I worked years ago at a Job Centre and this guy compared me to this young attractive girl as beauty and the beast. Guess who was the beast. I was very upset all weekend but plotted my revenge. On the Monday I wound him up (he was thick) unmercifully and had him running in circles frantic. I also told a friend saying not to tell my immediate boss - knowing that she would (and did). So it backfired on him. I felt so good afterwards.

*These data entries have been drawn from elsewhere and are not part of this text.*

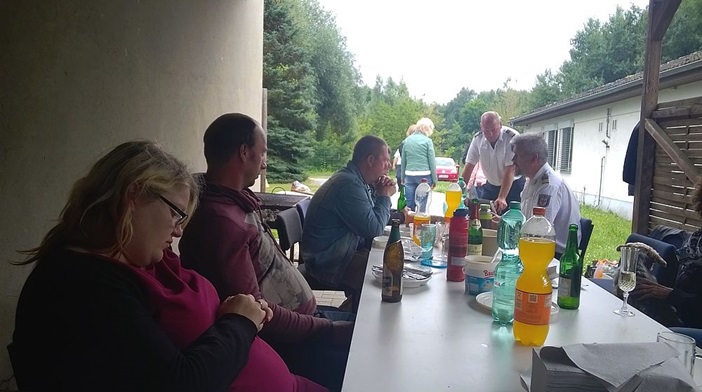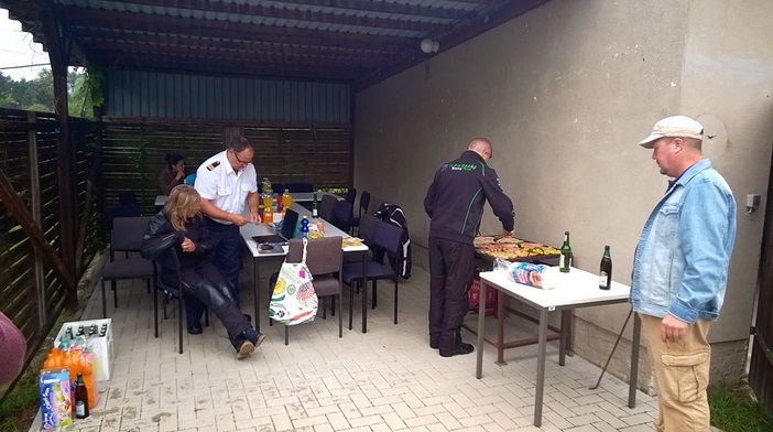 So, der Wissenshunger war gestillt, jetzt kam das leibliche Wohl an die Reihe. Grillzeug und Getränke hatte Hotte freundlicher weise schon für alle besorgt. Dann das Fleisch auf den Grill und erst mal was hinter die Krawatte geschoben.
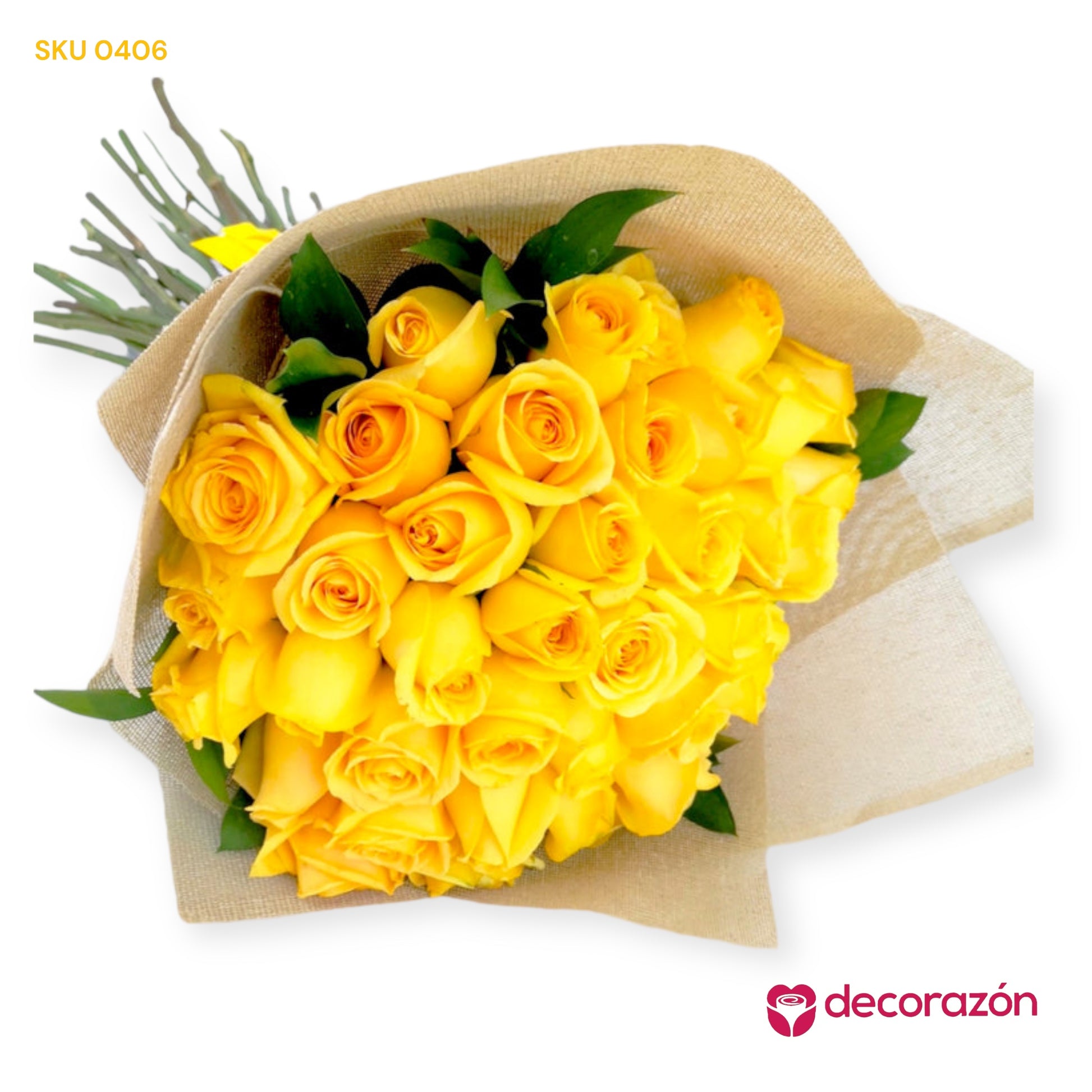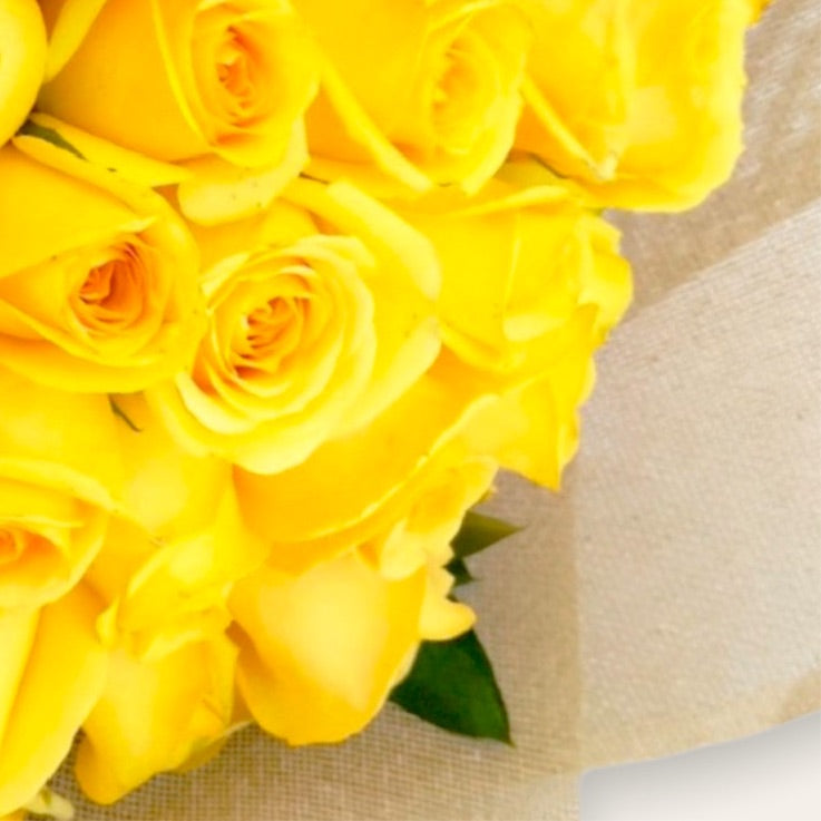 Imponente ramo en Rosas Amarillas que no pasará desapercibido, el color de las rosas es ideal para expresar total admiración, también el color amarillo es ideal para dar animo y desear un "Mejórate pronto".
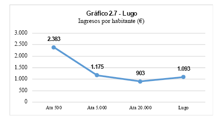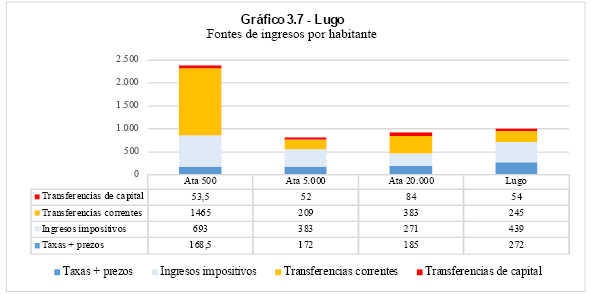 Sumario: 1 Introdución. 2 Ingresos totais por habitante. 3 Relación entre ingresos, gastos e custos. 4 Estrutura dos ingresos. 5 Ingresos impositivos. 5.1 Peso relativo dos ingresos impositivos. 5.2 Ingresos impositivos por habitante. 5.3 Ingresos impositivos e capacidade económica. 6 Ingresos por transferencias. 7 Resultados. 8 Anexo metodolóxico.
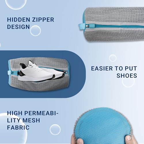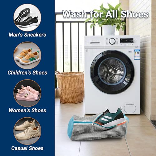 Yuoyar - يويار شنطة غسيل الاحذية من الالياف المنفوشة للغسالة والمجفف، شنطة احذية قابلة للتعديل للغسالة من قطعتين (رمادي وازرق)
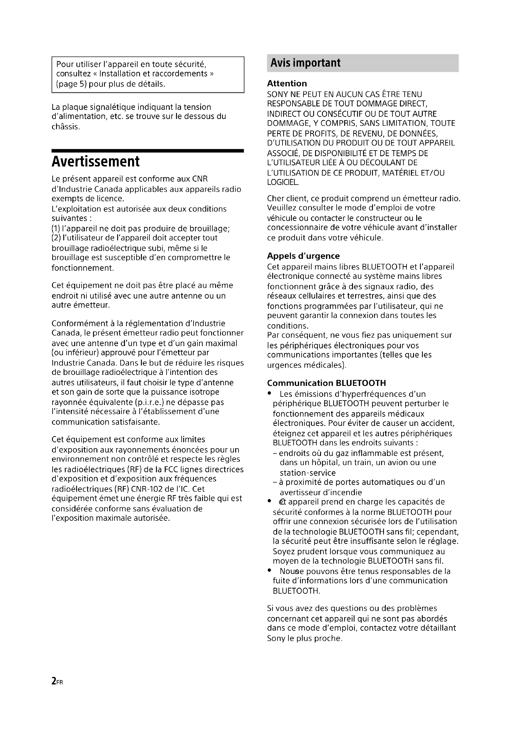 oncernant cet appareil qui ne sont pas abordés dans ce mode d’emploi, contactez votre détaillant Sony le plus proche. Pour utiliser l’appareil en toute sécurité,
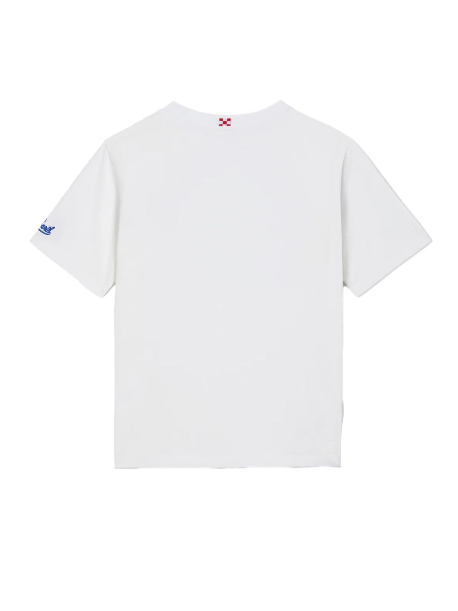 T-shirt Denver Jr con ricamo Super Friends Special Edition, Puro cotone jersey, Bianco, Tinta unita, Ricamo Super Friends sul petto, Stampa supereroi sul petto, Ricamo St. Barth a contrasto sulla manica, Scollo a girocollo a costine, Maniche corte, Linea
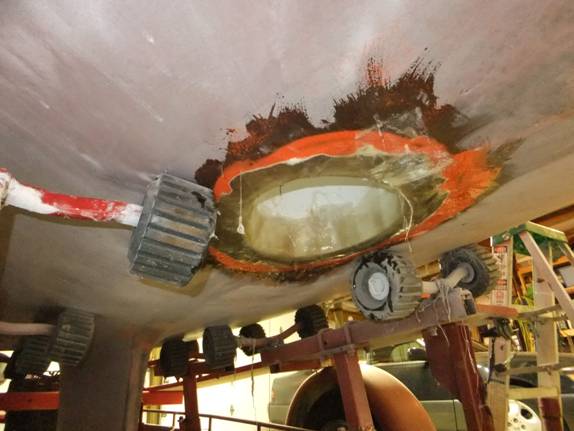 Laying flat on your face, peering out of the corner of a dirty set of shop glasses, under a fogged up set of goggles with a router held at arms’ length, is decidedly NOT the way to cut a “perfect hole.” In fact, I couldn’t quite even see where the router was actually headed, until it had already run for an inch or so in what ever direction it was already headed in. Even so, I could in fact tell something had changed by the sound of the thing. You see, this second hole was only supposed to be in the fiberglass liner. Sooooo, when the bit slipped in the collet and drove on down through the hull; I think I was fully involved I that phenomenon Clausewitz called “the fog of war.” Do all the planning you care to. But, when it gets down to the actual “combat,” better be prepared for absolutely nothing to go according to the carefully debated plan. Seems the second hole was sort of almost cut fully around, by then. The third hole was supposed to be (revised version) held in abeyance until the first two were trued up, and all that.
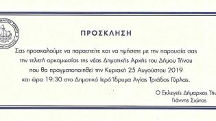 Την Κυριακή 25 Αυγούστου 2019 και ώρα 19:030 στο Δημοτικό Ιερό Ίδρυμα Αγίας Τριάδος Γύρλας θα πραγματοποιηθεί η ορκωμοσία της νέας Δημοτικής Αρχής του...

Another one I got was this guy at work asking me if my hairdressers shop had burnt down. Nasty guy. Anyway this guy kept bumming fags off me and that evening we all went out for a drink. Sure enough this guy asked me for a ciggie. I said 'sorry I haven't got any as my newsagents burned down' He said 'huh'. So I said 'it was next to the hairdressers shop which was burnt down' He never asked for a ciggie again.
Bev x
It so awful how we get so upset by some moron and they will have no recollection of it whatsoever. Try and put it from your mind, not easy I know, and realise that this person has not one ounce of the compassion and strength that you do. We , who suffer from anxiety/ depression , are strong people who get through each day as best we can. Carry on being strong , compassionate and caring and be kind to yourself. And take no notice of remarks made by idiote. Good luck. xx
Personally I would not let this person give you a rise, ignorance is never worth bothering about, understand that you would not do the same thing, So under that reason why allow her to be make you feel ill with depression.
Non of above is really not worth talking about, so let it go
Good Luck
BOB
Don't take others word in to heart.You will feel good when you ignore others criticize.